### [Stored items]

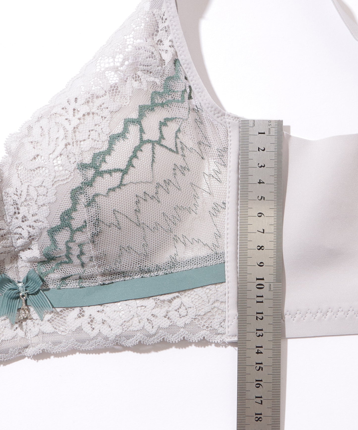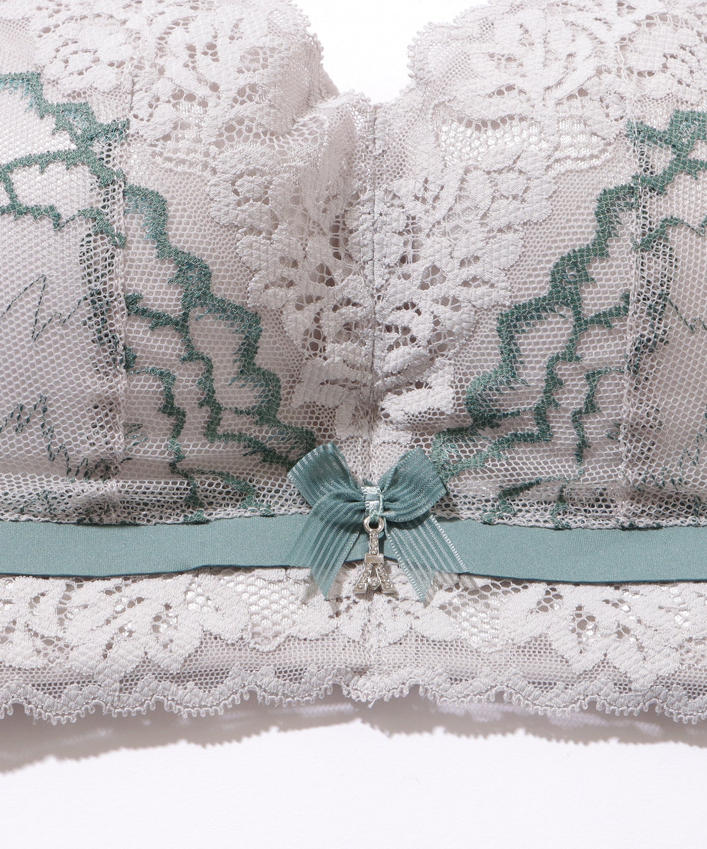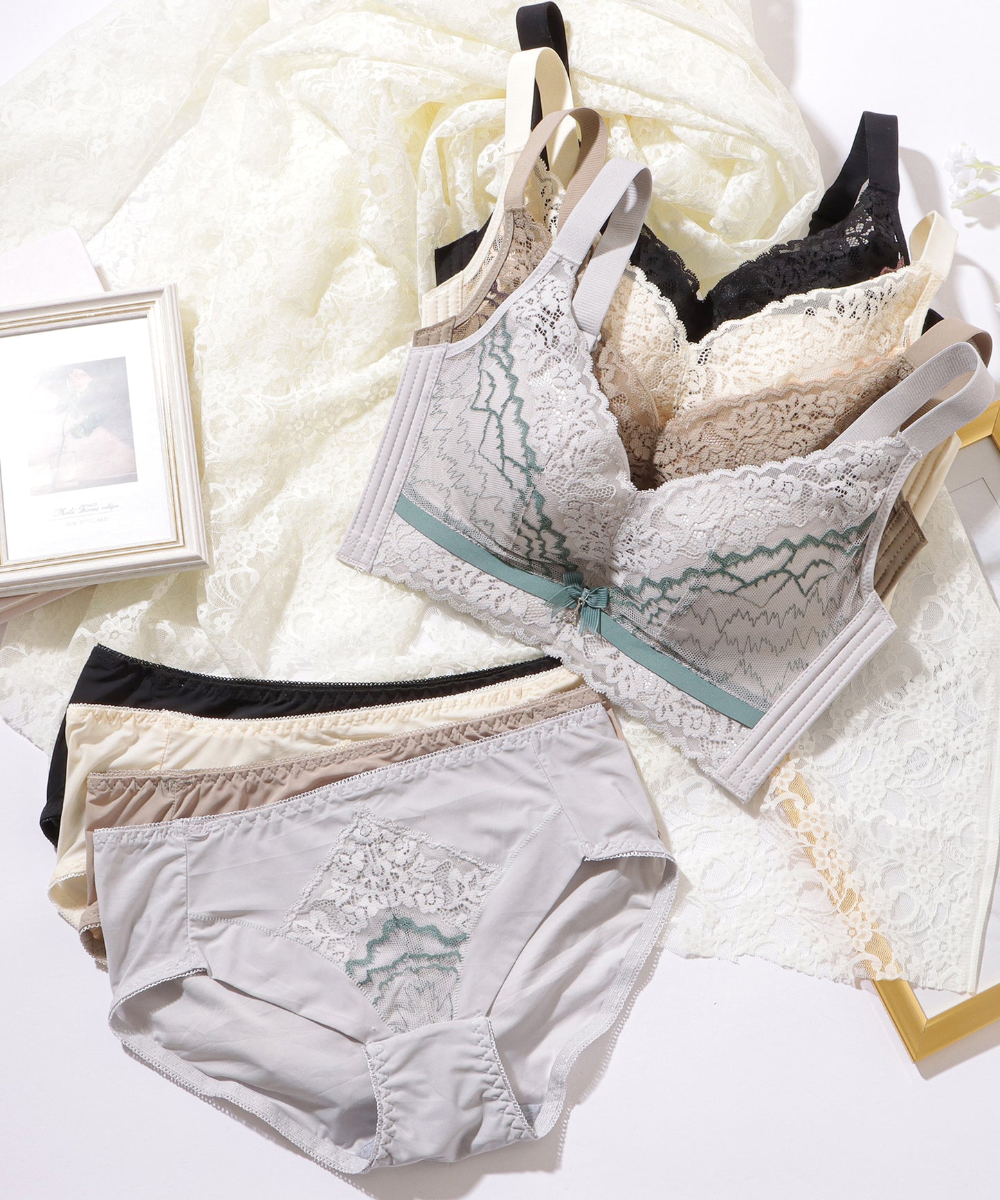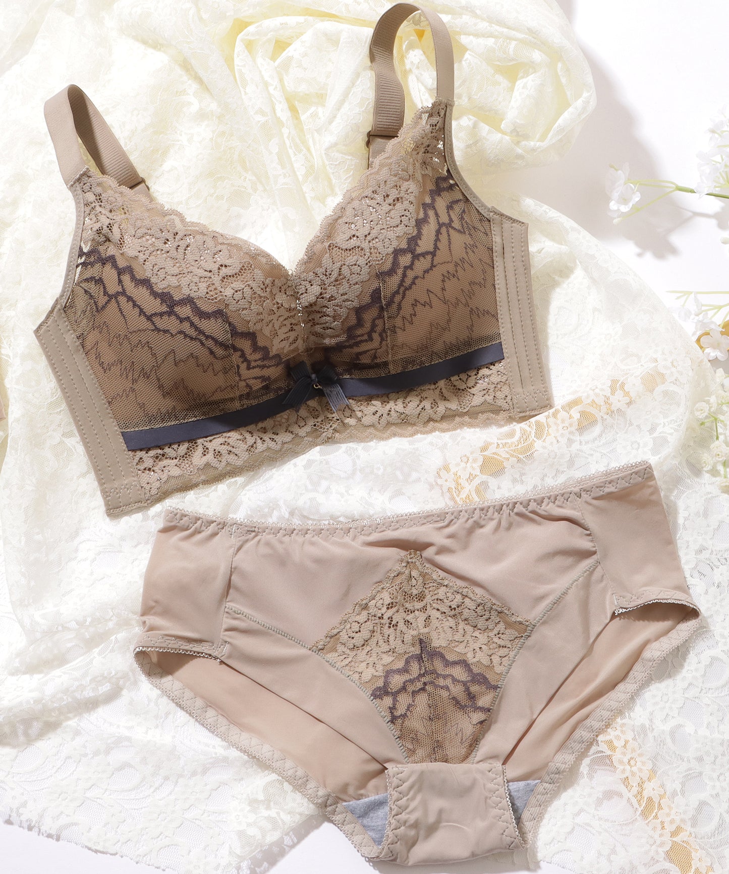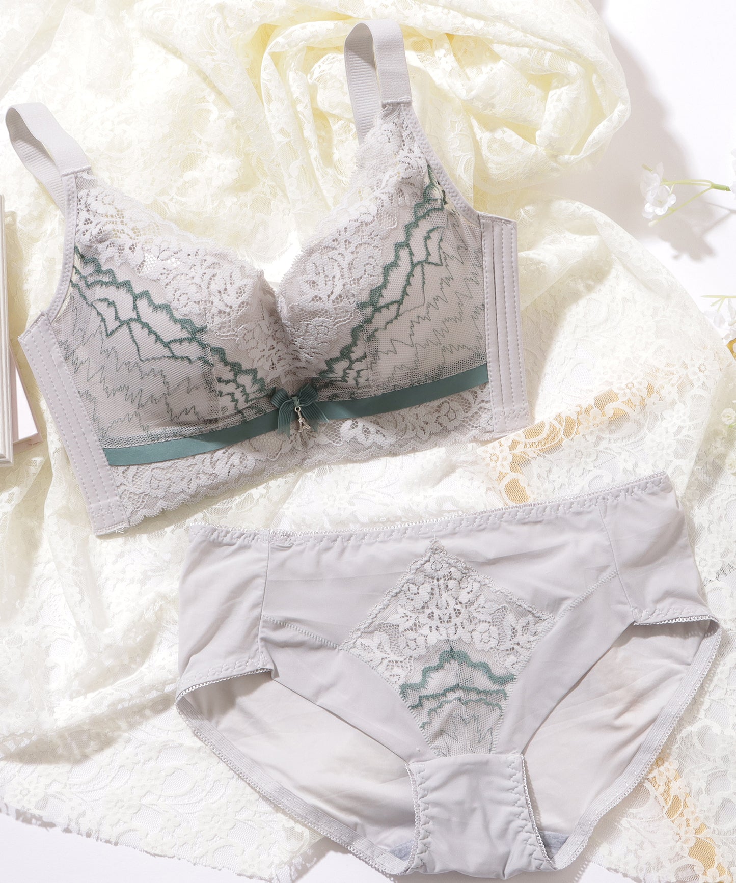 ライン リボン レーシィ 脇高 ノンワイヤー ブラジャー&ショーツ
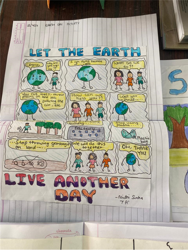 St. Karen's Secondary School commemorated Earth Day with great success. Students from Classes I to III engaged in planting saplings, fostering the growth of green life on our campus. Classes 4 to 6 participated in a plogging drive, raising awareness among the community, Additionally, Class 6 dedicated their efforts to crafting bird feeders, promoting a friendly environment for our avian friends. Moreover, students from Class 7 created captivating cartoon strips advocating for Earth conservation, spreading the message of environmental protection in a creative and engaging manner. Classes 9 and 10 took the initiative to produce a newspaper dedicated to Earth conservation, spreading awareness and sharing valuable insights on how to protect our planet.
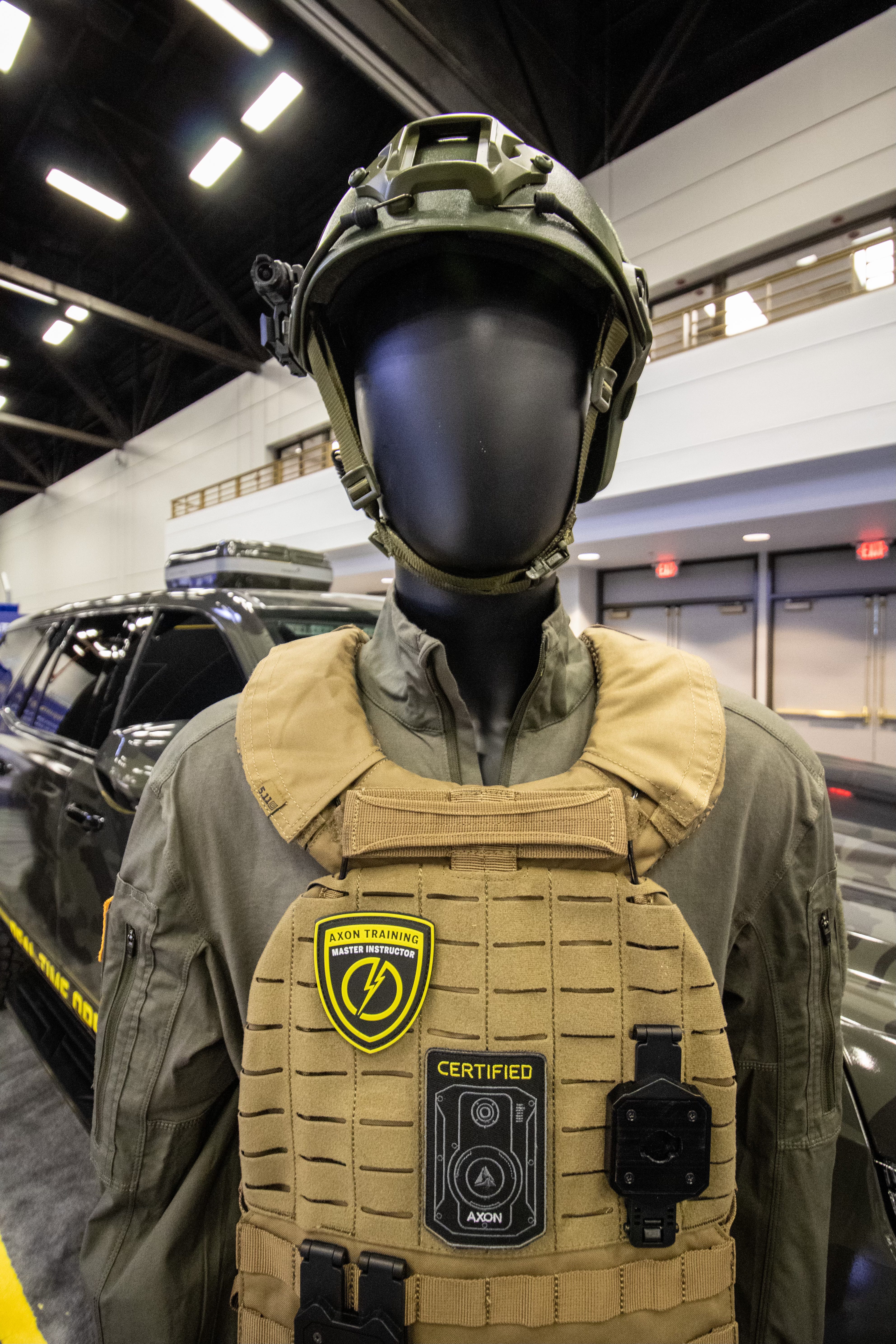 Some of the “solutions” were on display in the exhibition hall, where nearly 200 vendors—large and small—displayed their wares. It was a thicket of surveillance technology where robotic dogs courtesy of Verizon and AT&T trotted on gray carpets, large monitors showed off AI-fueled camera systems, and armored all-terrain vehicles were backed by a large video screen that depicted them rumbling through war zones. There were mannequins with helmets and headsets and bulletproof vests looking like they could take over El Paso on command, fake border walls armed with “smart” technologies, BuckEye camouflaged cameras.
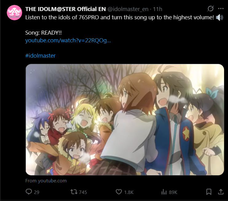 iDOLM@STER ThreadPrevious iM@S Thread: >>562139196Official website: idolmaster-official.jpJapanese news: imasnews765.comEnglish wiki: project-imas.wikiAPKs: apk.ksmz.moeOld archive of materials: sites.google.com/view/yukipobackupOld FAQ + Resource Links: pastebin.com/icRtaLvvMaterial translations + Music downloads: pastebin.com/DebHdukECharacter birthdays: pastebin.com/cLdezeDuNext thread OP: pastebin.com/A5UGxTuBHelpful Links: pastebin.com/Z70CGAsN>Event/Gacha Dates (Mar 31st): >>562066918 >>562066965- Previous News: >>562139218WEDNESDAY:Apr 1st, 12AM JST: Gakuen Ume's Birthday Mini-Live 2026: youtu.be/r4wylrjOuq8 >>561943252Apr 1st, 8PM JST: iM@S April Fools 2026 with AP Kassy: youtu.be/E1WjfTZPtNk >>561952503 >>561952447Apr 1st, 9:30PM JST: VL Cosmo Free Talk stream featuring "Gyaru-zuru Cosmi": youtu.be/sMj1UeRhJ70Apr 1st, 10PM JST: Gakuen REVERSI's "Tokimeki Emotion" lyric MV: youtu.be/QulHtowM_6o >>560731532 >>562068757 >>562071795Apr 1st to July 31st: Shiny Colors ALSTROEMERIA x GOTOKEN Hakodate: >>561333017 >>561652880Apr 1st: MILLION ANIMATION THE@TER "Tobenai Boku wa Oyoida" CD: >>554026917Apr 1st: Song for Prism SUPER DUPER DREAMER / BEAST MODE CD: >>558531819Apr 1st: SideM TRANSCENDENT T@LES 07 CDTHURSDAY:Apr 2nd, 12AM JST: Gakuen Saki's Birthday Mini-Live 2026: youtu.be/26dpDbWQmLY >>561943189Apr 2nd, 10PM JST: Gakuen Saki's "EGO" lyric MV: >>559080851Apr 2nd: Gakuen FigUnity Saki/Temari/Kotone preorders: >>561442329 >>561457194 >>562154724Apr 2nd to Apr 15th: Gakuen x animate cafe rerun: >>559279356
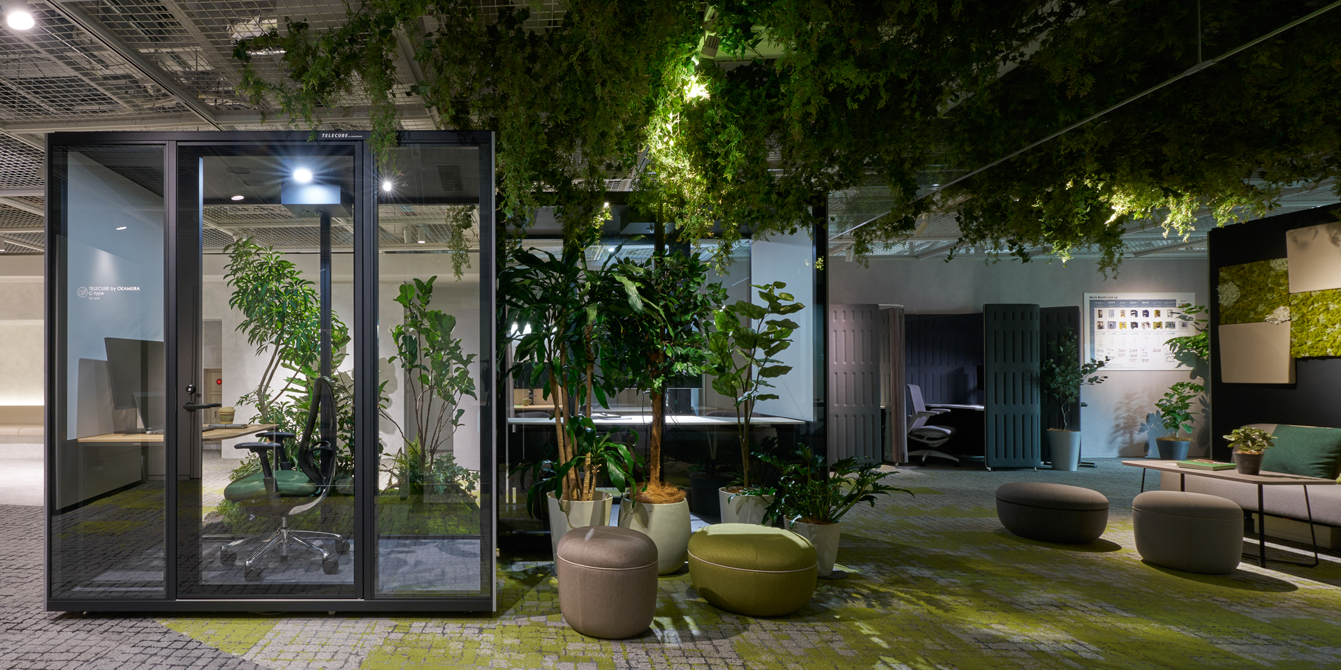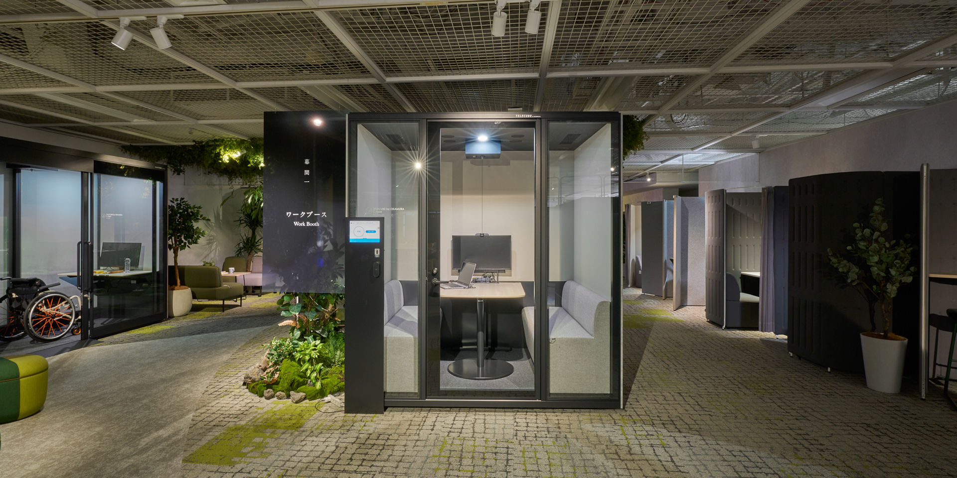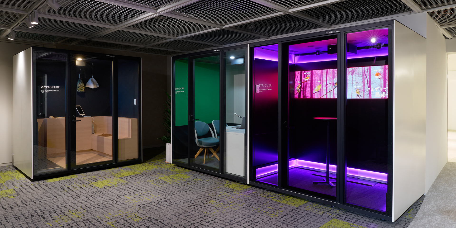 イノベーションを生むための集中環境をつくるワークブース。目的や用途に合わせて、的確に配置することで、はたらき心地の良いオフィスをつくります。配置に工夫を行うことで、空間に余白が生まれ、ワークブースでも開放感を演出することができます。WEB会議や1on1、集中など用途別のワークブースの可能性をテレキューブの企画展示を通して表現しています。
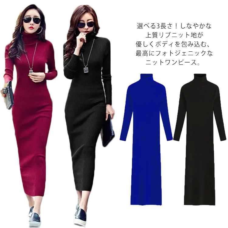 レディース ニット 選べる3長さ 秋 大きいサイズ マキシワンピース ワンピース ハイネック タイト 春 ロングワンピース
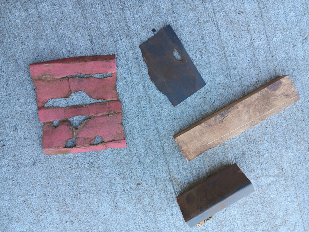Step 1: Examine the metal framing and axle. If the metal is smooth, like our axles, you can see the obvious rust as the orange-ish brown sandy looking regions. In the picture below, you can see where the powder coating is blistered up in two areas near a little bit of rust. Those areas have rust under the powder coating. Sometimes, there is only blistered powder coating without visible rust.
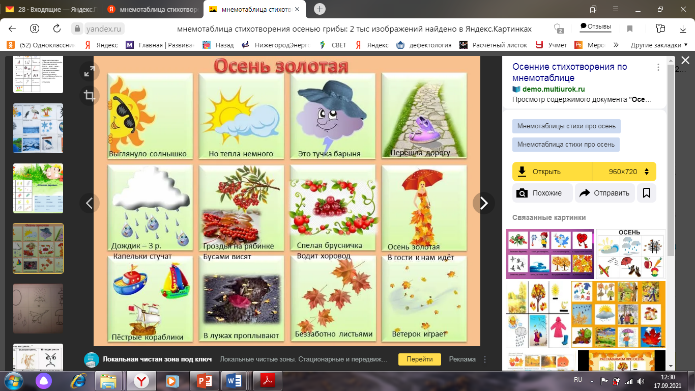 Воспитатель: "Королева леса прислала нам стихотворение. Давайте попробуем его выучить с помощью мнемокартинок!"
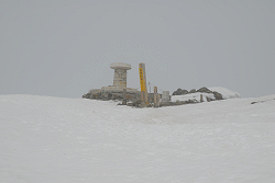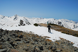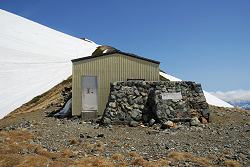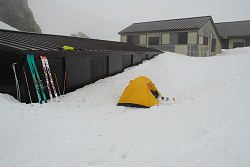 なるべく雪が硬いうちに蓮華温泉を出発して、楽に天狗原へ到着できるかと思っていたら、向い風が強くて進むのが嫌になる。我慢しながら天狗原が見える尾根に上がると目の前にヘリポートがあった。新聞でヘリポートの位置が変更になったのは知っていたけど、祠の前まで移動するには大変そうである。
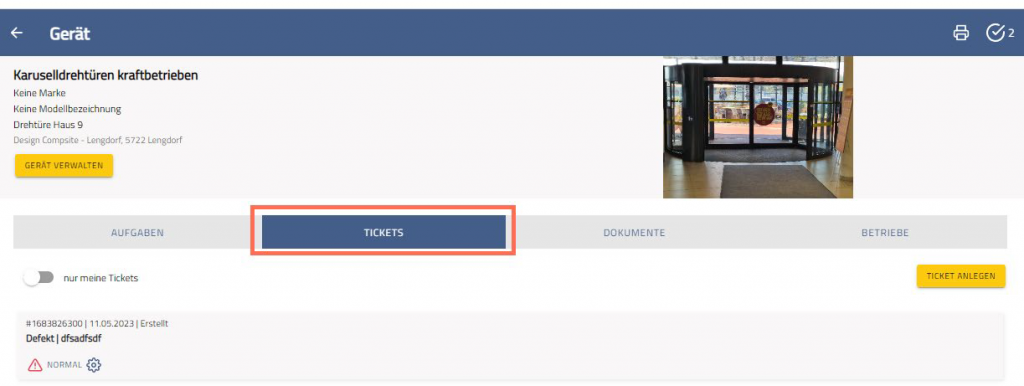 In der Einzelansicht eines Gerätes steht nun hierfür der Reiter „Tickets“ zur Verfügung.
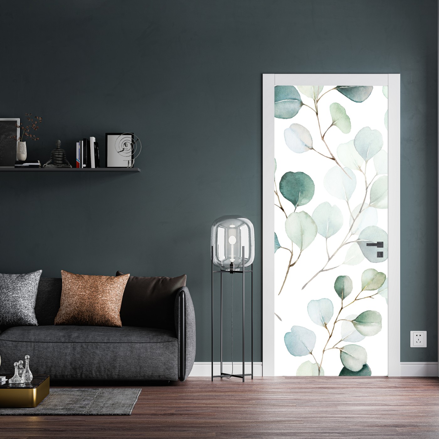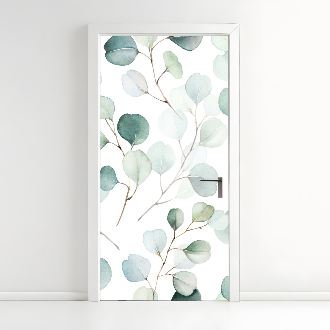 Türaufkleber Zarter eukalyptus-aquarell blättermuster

### [Required work]
Though the entries above contain pictures, none should be copied; reproduce only the lines between the one holding "レディース ニット 選べる3長さ" and the one holding "なるべく雪が硬いうちに蓮華温", inclusive, exactly as written.

### [Exercise result]
 レディース ニット 選べる3長さ 秋 大きいサイズ マキシワンピース ワンピース ハイネック タイト 春 ロングワンピース
Step 1: Examine the metal framing and axle. If the metal is smooth, like our axles, you can see the obvious rust as the orange-ish brown sandy looking regions. In the picture below, you can see where the powder coating is blistered up in two areas near a little bit of rust. Those areas have rust under the powder coating. Sometimes, there is only blistered powder coating without visible rust.
 Воспитатель: "Королева леса прислала нам стихотворение. Давайте попробуем его выучить с помощью мнемокартинок!"
 なるべく雪が硬いうちに蓮華温泉を出発して、楽に天狗原へ到着できるかと思っていたら、向い風が強くて進むのが嫌になる。我慢しながら天狗原が見える尾根に上がると目の前にヘリポートがあった。新聞でヘリポートの位置が変更になったのは知っていたけど、祠の前まで移動するには大変そうである。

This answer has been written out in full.